* What the task asks: Copy each line that includes the string "avec" from the material into your answer.
··· The data
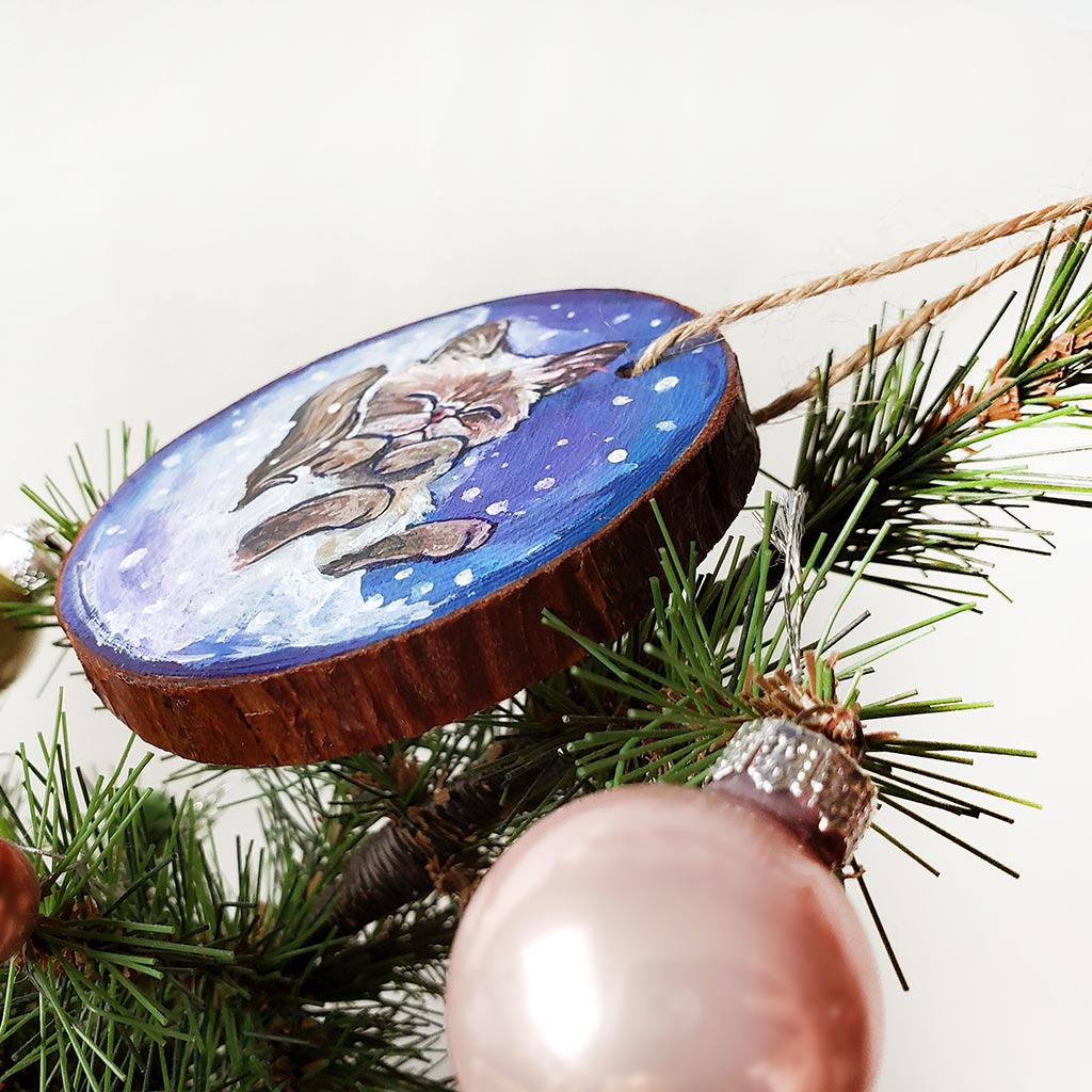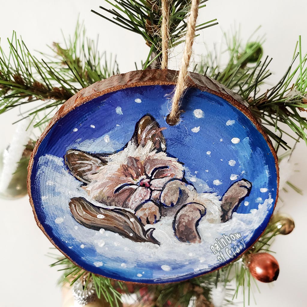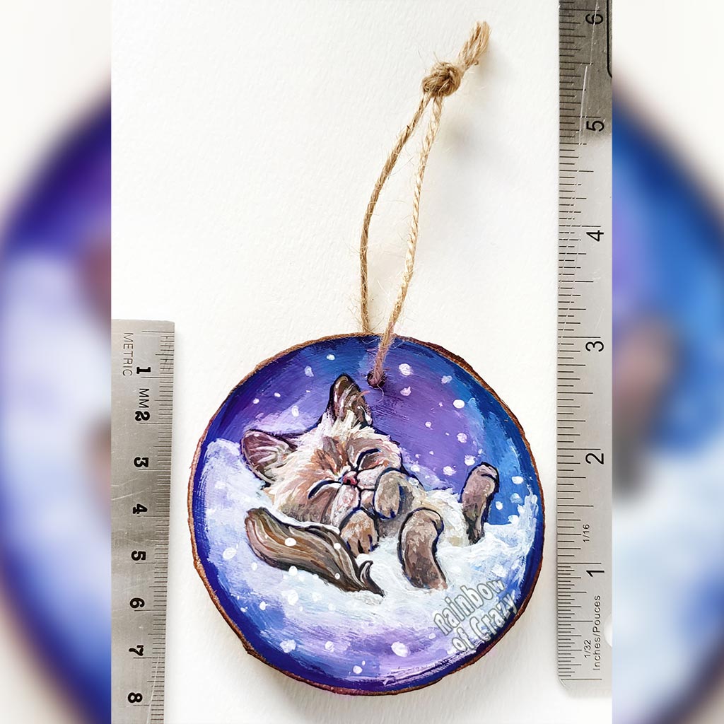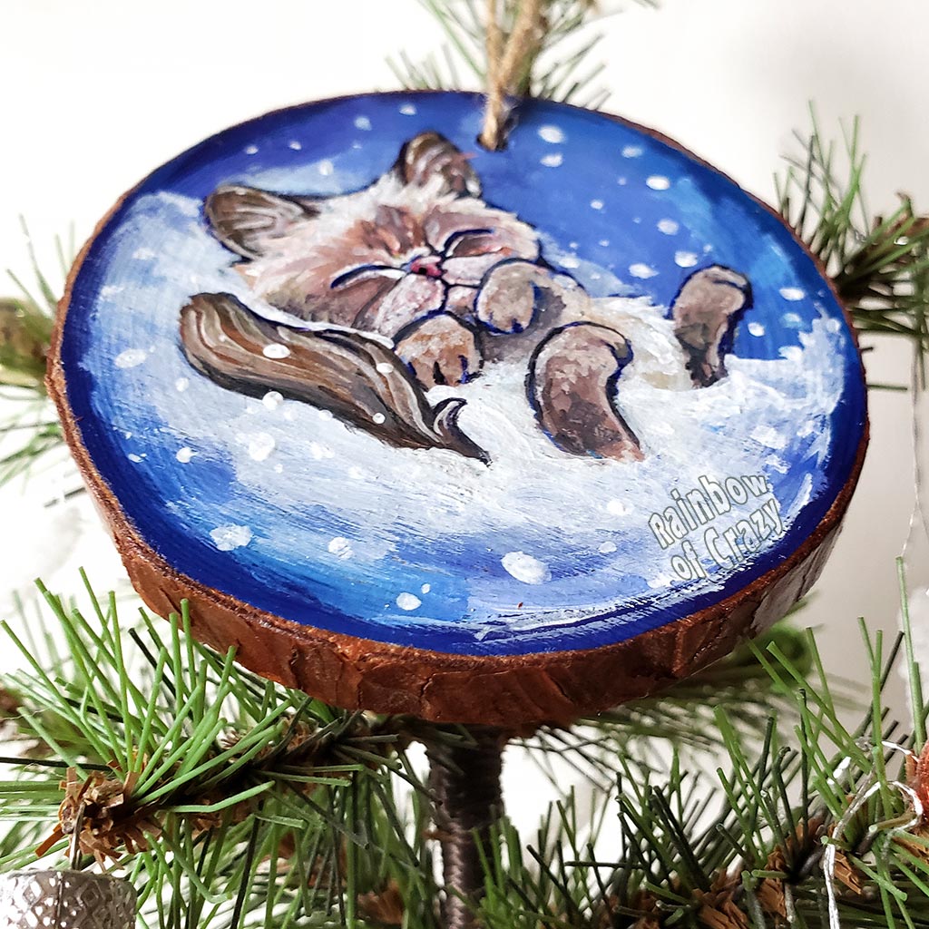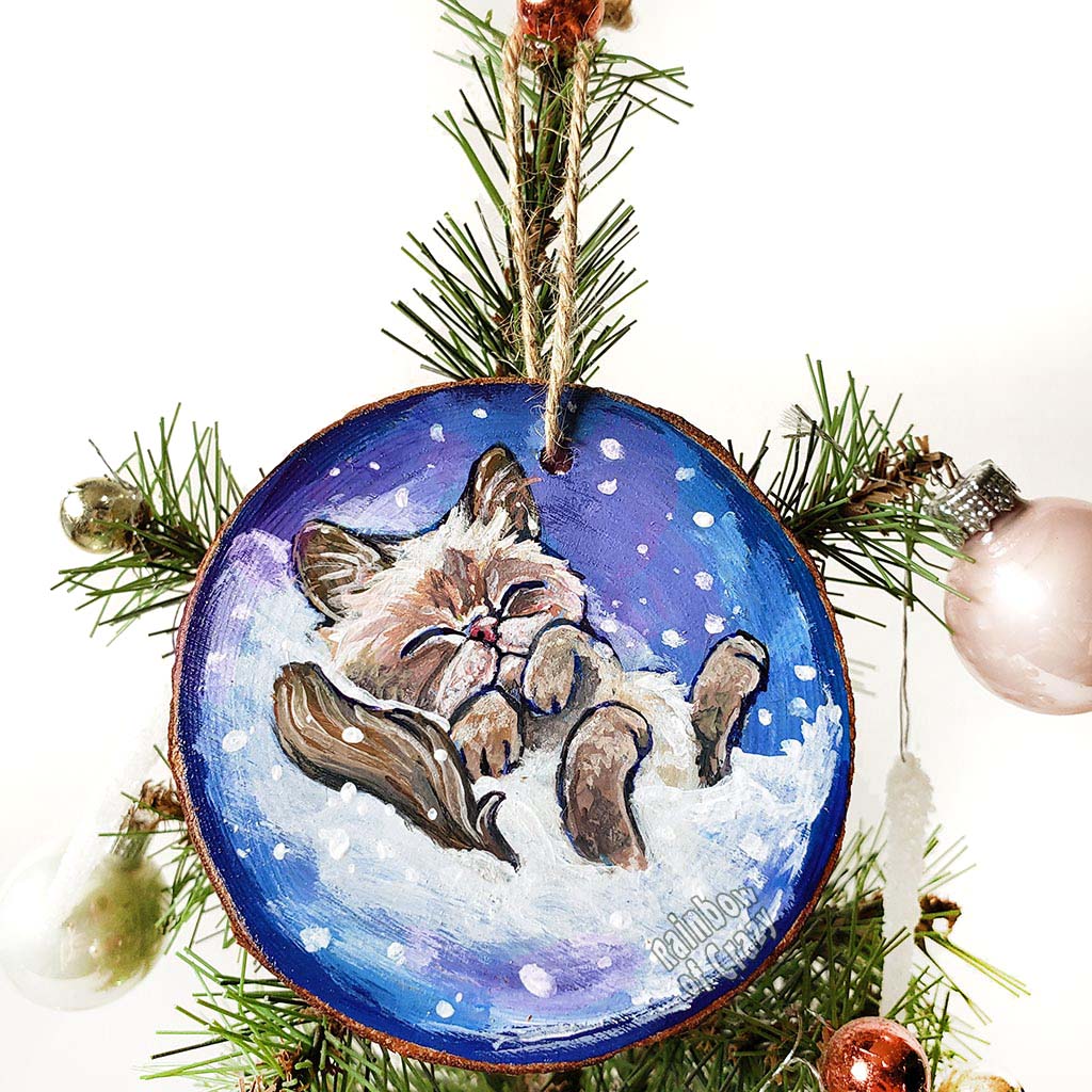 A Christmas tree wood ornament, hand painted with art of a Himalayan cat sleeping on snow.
······
··· The data
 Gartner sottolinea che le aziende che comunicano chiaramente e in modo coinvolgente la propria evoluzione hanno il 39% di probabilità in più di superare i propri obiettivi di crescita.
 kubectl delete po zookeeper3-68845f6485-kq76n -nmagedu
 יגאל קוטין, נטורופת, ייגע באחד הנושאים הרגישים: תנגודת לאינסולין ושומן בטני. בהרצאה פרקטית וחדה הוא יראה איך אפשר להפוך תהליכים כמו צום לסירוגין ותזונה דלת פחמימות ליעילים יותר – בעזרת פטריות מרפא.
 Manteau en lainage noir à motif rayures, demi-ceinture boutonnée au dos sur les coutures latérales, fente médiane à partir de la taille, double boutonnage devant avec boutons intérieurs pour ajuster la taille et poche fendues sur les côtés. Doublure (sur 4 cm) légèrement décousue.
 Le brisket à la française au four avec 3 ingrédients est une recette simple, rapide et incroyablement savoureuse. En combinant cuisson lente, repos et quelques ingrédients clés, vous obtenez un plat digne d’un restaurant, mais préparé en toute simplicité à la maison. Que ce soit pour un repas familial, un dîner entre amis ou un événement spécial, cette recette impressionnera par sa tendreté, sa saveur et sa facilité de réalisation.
······
··· The data
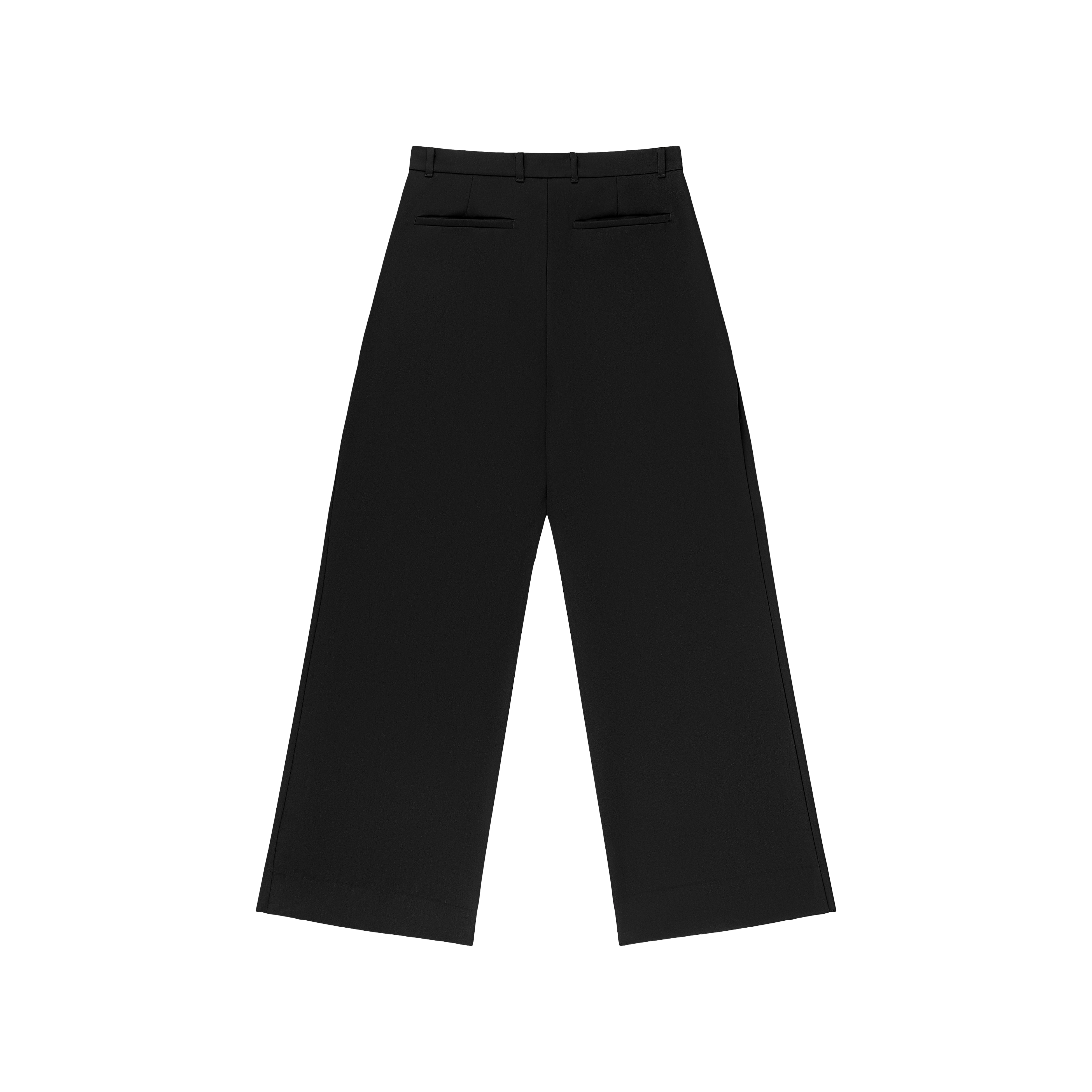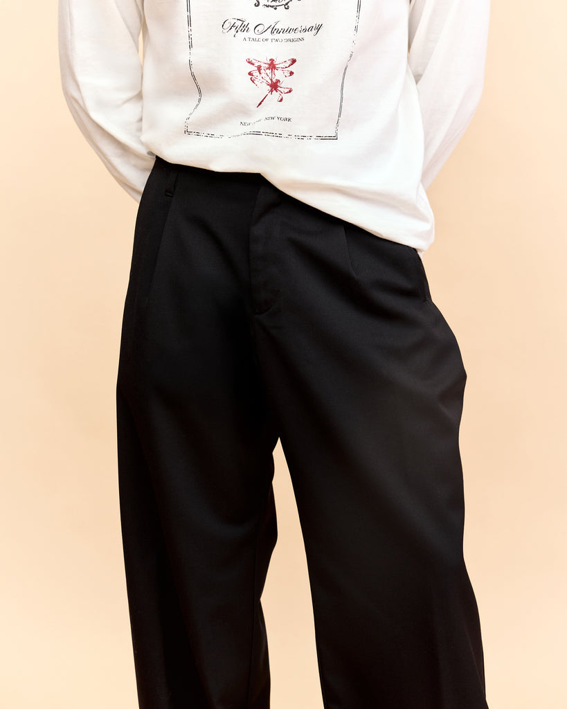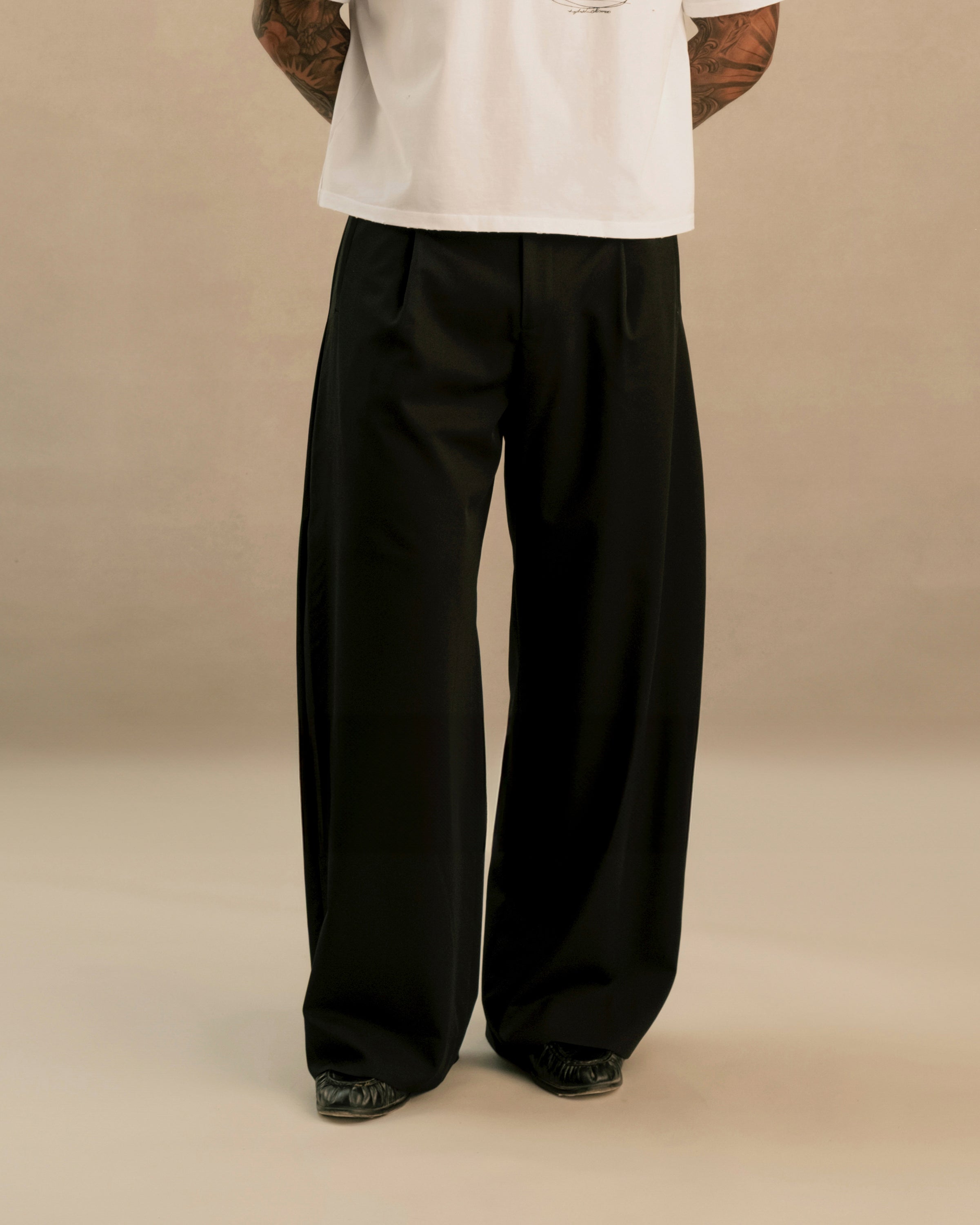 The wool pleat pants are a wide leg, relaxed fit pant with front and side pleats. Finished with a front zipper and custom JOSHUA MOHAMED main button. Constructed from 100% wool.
······
* Exercise response:
 Manteau en lainage noir à motif rayures, demi-ceinture boutonnée au dos sur les coutures latérales, fente médiane à partir de la taille, double boutonnage devant avec boutons intérieurs pour ajuster la taille et poche fendues sur les côtés. Doublure (sur 4 cm) légèrement décousue.
 Le brisket à la française au four avec 3 ingrédients est une recette simple, rapide et incroyablement savoureuse. En combinant cuisson lente, repos et quelques ingrédients clés, vous obtenez un plat digne d’un restaurant, mais préparé en toute simplicité à la maison. Que ce soit pour un repas familial, un dîner entre amis ou un événement spécial, cette recette impressionnera par sa tendreté, sa saveur et sa facilité de réalisation.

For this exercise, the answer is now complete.